**Given information:**

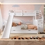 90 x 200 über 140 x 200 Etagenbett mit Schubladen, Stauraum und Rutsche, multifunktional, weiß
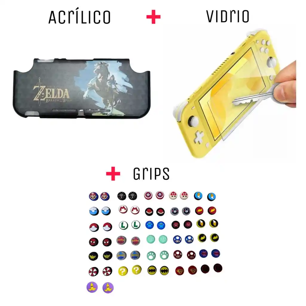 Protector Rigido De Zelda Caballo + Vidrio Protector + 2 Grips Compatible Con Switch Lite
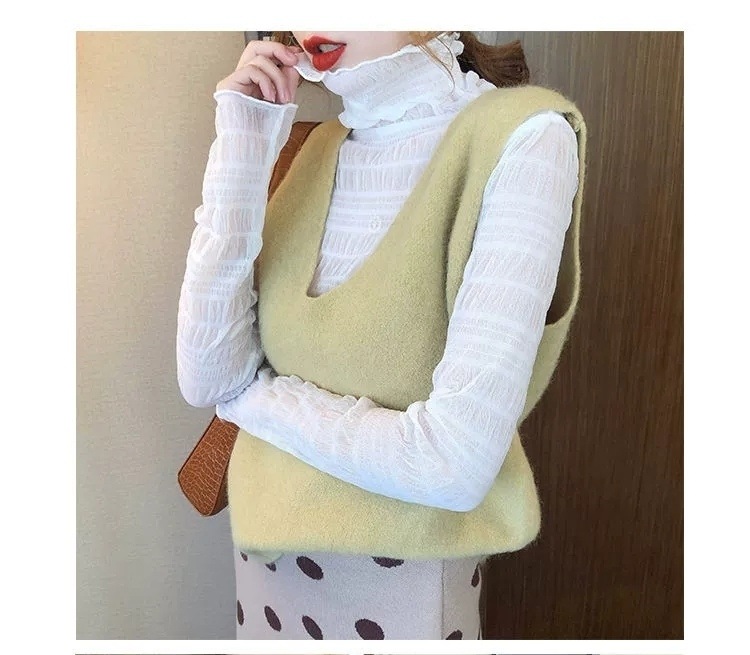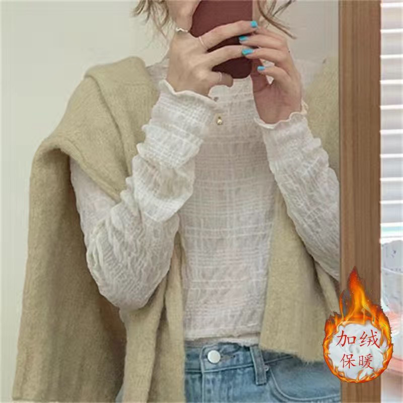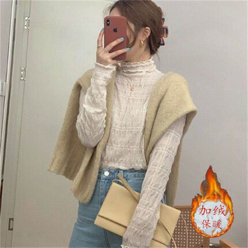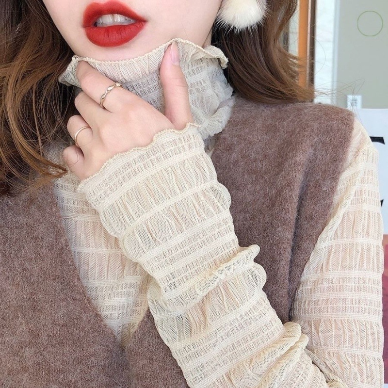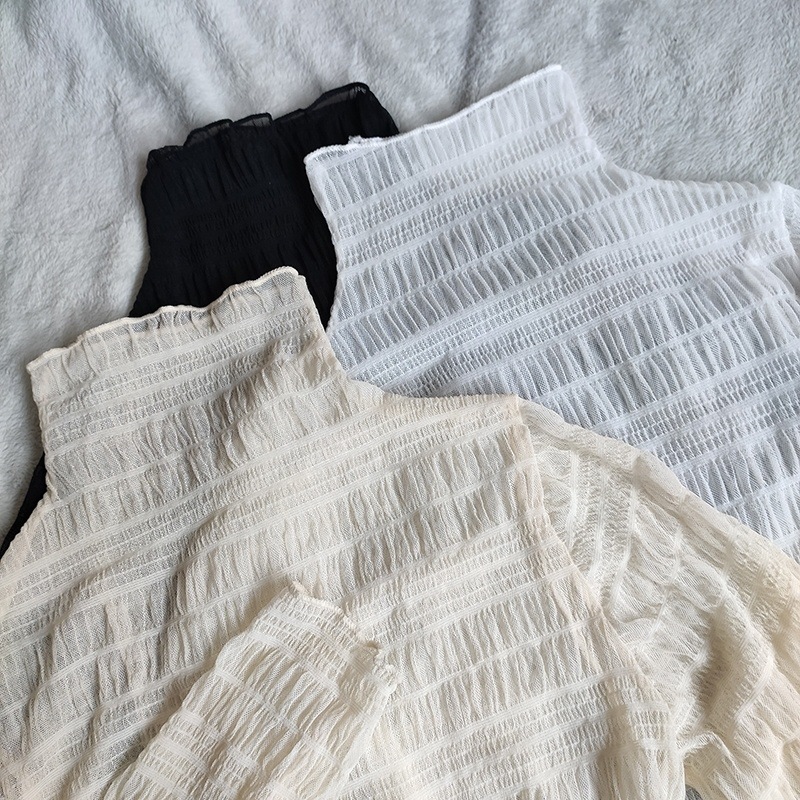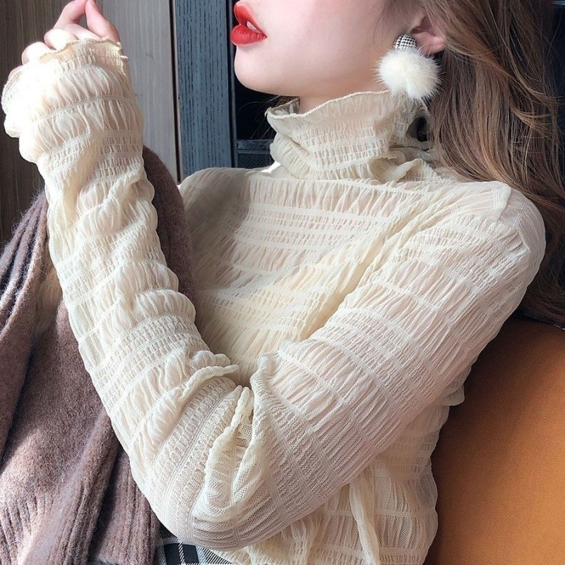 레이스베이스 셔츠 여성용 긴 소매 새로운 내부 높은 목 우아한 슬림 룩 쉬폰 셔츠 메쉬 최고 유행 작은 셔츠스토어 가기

**How to complete this task:** Keep the pictures out of your answer, which should be the lines from the one with "Protector Rigido De" through the final line of the data, copied exactly.

**Your solution:**
 Protector Rigido De Zelda Caballo + Vidrio Protector + 2 Grips Compatible Con Switch Lite
 레이스베이스 셔츠 여성용 긴 소매 새로운 내부 높은 목 우아한 슬림 룩 쉬폰 셔츠 메쉬 최고 유행 작은 셔츠스토어 가기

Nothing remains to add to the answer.